Из школ мы прошли в пекарню и пивоварню (ибо в сердце истинного англичанина не гнездится столь жестокая мысль, чтобы отказывать нищему в его ежедневной порции пива), а также через кухни, где увидели огромный котел над огнем, бурливший и клокотавший какой-то сытной похлебкой до самых краев. Мы также заглянули в портняжную и сапожную мастерские, в обеих из которых трудилось изрядное количество мужчин и бледных, миниатюрных подмастерьев — достаточно прилежно, хотя, судя по всему, без особого энтузиазма к делу. Наконец, управляющий препроводил нас в сарай, внутри которого были сложены штабелями бесчисленные новые гробы. Они были самого простого пошива, сколоченные из сосновых досок, вероятно, американского происхождения, не слишком тщательно отшлифованные рубанком, не покрашенные и не покрытые черной морилкой, но снабженные веревочными петлями на каждом конце, дабы удобнее было взваливать этот грубый ящик вместе с его обитателем на телегу, которая увезет их на кладбище. Там, в ящиках глубиной в десять футов, нищих хоронят друг поверх друга, смешивая их останки до полной неразличимости. Да обретут они в ином мире свою индивидуальность и да окажется она счастливее здешней!

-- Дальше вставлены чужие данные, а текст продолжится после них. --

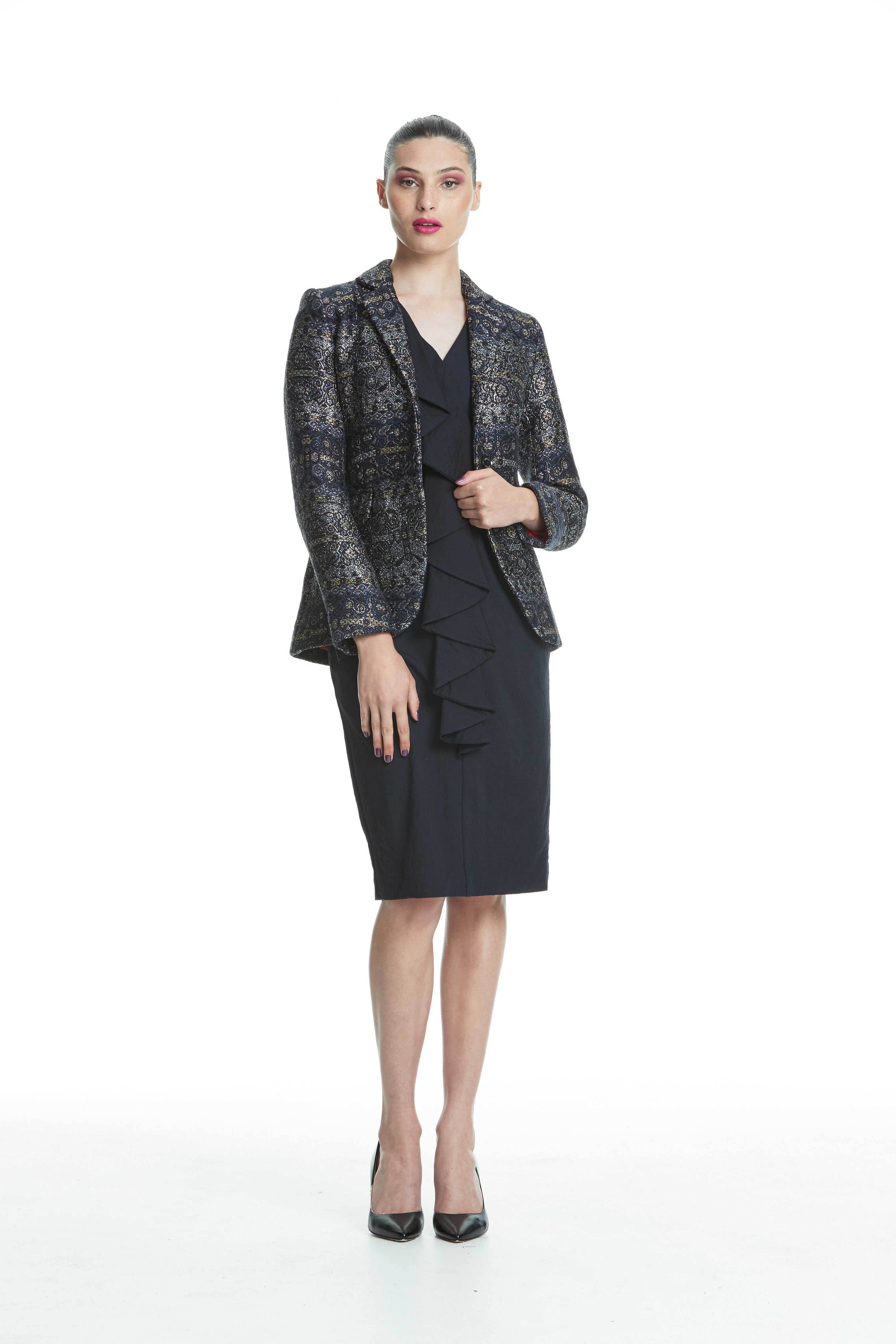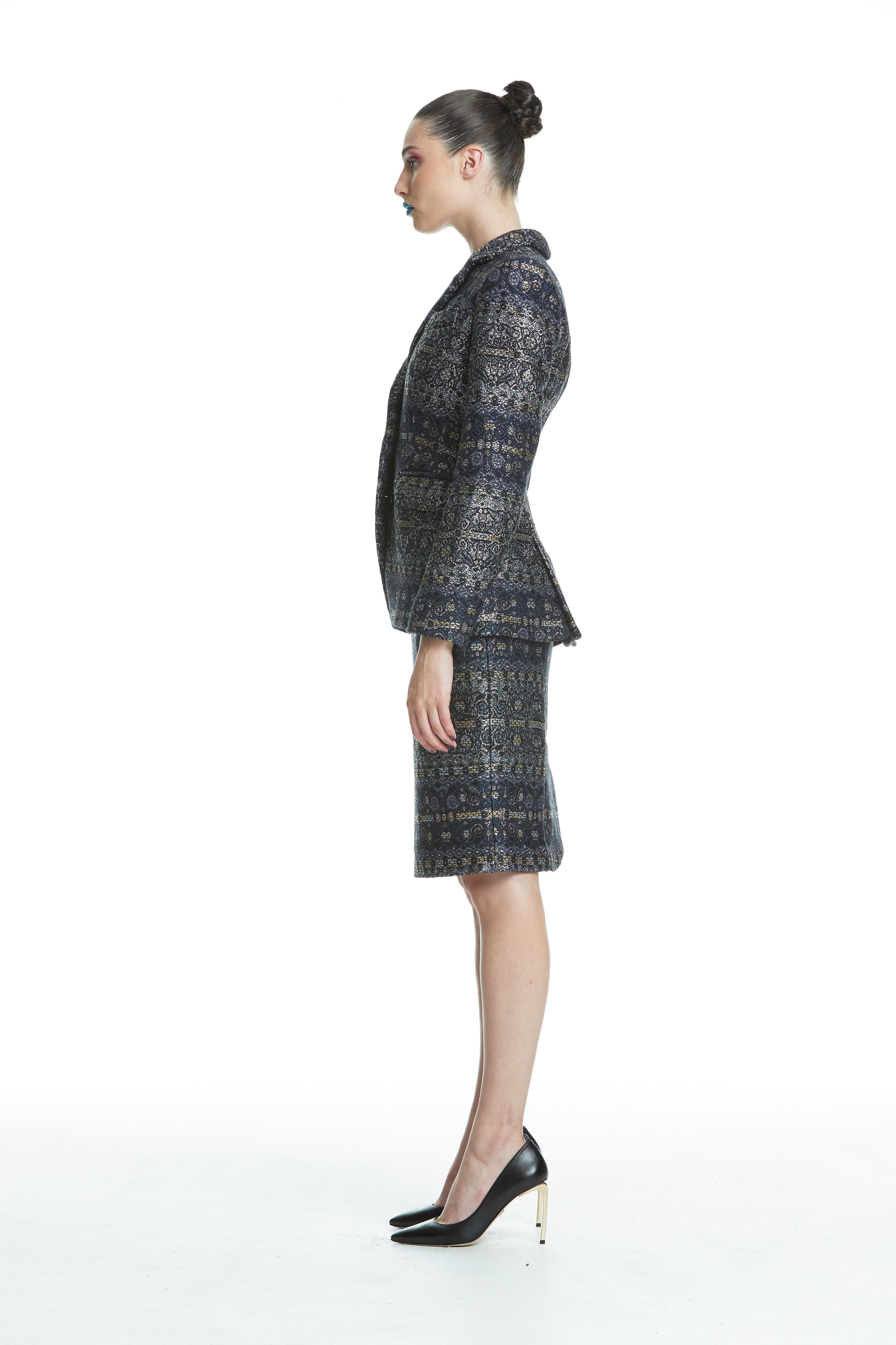 A classic shaped 2 button, single breasted, double vent blazer cut from the most elegant suiting, a textured and emboldened lurex, wool weave, strengthened by nylon. This is a serious piece of sparkle and has the attitude to take you to the top. Suit up with the Cool Blazer and power through the other power suits!

При нашем выходе наше внимание привлек персонаж, которого я встречал во всех богадельнях — будь то в городе или деревне, в Англии или Америке. Это был всем знакомый дурачок, который шаркал по двору, стуча башмаками на деревянной подошве, чтобы приветствовать нас воплем или смехом — едва ли разберешь, — протягивая руку за пенни и утробно хихикая, когда ему перепадала монета. Все слабоумные, насколько мне доводилось замечать, испытывают эту страсть к медной монете и оценивают ее ценность с помощью чудесного инстинкта, служащего одним из ранних проблесков человеческого разума, пока благородные способности еще дремлют. Возможно, настанет время — даже в этом мире, — когда мы все уразумеем, что наша склонность к индивидуальному присвоению золота и обширных угодий, прекрасных особняков и прочих благ и красот, в равной мере доступных для радости множества людей, есть лишь черта несовершенно развитого интеллекта, сродни жадности дурачка до пенни. Когда забрезжит этот день — а случится это, пожалуй, не раньше, — я воображаю, больше не останется ни бедных улиц, ни нужды в богадельнях.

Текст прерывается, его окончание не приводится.